Panamanian castaway sues owners of cruise ship that failed to come to his rescue

 

A Panamanian fisherman has filed a lawsuit against the owners of a luxury cruise ship claiming that it failed to come to his rescue as he drifted in a stricken boat with two friends, even though at least two passengers on the liner have said they saw them signalling for help and passed the information on to crew members.

The lawsuit alleging fatal negligence on the part of Princess Cruise Lines, which is owned by Anglo-American Carnival Cruises, was filed in a Florida court on behalf of Adrian Vazquez, according to the lawyer representing him, Edna Ramos.  It includes testimony from the two passengers who saw the stricken boat.

Princess Cruises said yesterday there appeared to have been a “case of unfortunate miscommunication,” on the ship, the Star Princess, and that the alert about the disabled boat was never relayed to the British captain of the vessel, Edward Perrin.  In a statement it added that the company would withhold all further preliminary findings of an internal investigation into the incident pending the results of an inquiry launched separately by the authorities in the Bahamas, where the liner is registered. 

Mr Vasquez left the Panamanian port of Rio Hato, at the Pacific mouth of the Panama Canal, on 24 February for a brief fishing trip in his small boat, the Fifty Cent, with two friends, Evlis Oropeza, 31, and Fernando Osoria, 16.  Their engine failed and they had been drifting at sea without power for 16 days when they spotted the cruise liner coming towards them on 10 March.

Mr Vazques was finally found alive and rescued from the Fifty Cents on 22 March near the Galapagos Islands, 600 miles from where he had begun his journey. His ordeal lasted 28 days. By then, both Mr Osoria and Mr Oropeza had died due to dehydration and Mr Vazquez had pushed their decomposing bodies overboard. All three men were alive when the Star Princess passed by them.

Two passengers on board the liner, Jeff Gilligan and Judy Meredith, both bird-watching enthusiasts from Oregon, have described to reporters seeing the disabled boat from on deck through birding scopes. They said they someone waving a dark red item of clothing, perhaps a T-Shirt, and assumed it was a distress signal.  They then took immediate steps to alert crew members to what they had seen. 

Specifically, Ms Meredith has claimed she told a Princess Cruises Lines sales representative on board about the tiny fishing vessel and let the representative see the boat through her scope. Both passengers were assured that the bridge would be notified. Ms Meredith also went to her cabin, she has said, and emailed the US Coast Guard about the boat relaying the liner’s coordinates at the time, which were available on its television channel.

“Regretfully the Captain of the Star Princess was never notified of the passengers’ concern.
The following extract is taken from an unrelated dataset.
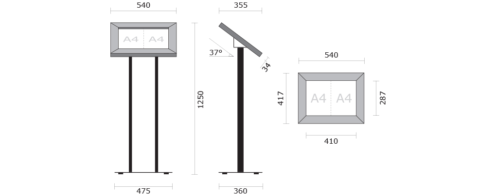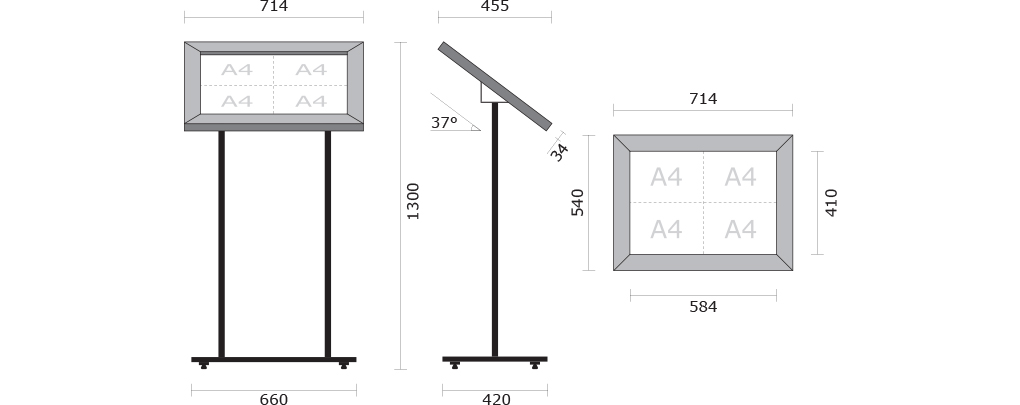 Porte-menu sur pied avec cadre incliné, avec personnalisation
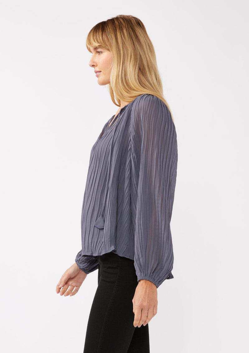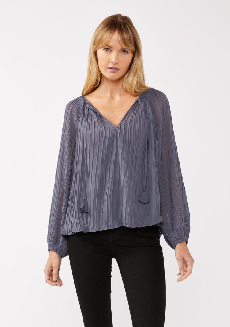 A relaxed bohemian blouse featuring an effortless pleated design.

Had he been advised, he would have had the opportunity to respond, as he has done numerous times throughout his career,” Princess Cruises said in the statement yesterday, adding: “This is an upsetting and emotional issue for us all, as no employee onboard a Princess ship would purposefully ignore someone in distress.” In the last 10 years, its vessels have been involved in 30 rescue operations at sea, the company added.

At the time of the incident, the Star Princess was crossing through Pacific waters from Ecuador, south of the Panama Canal, to Costa Rica.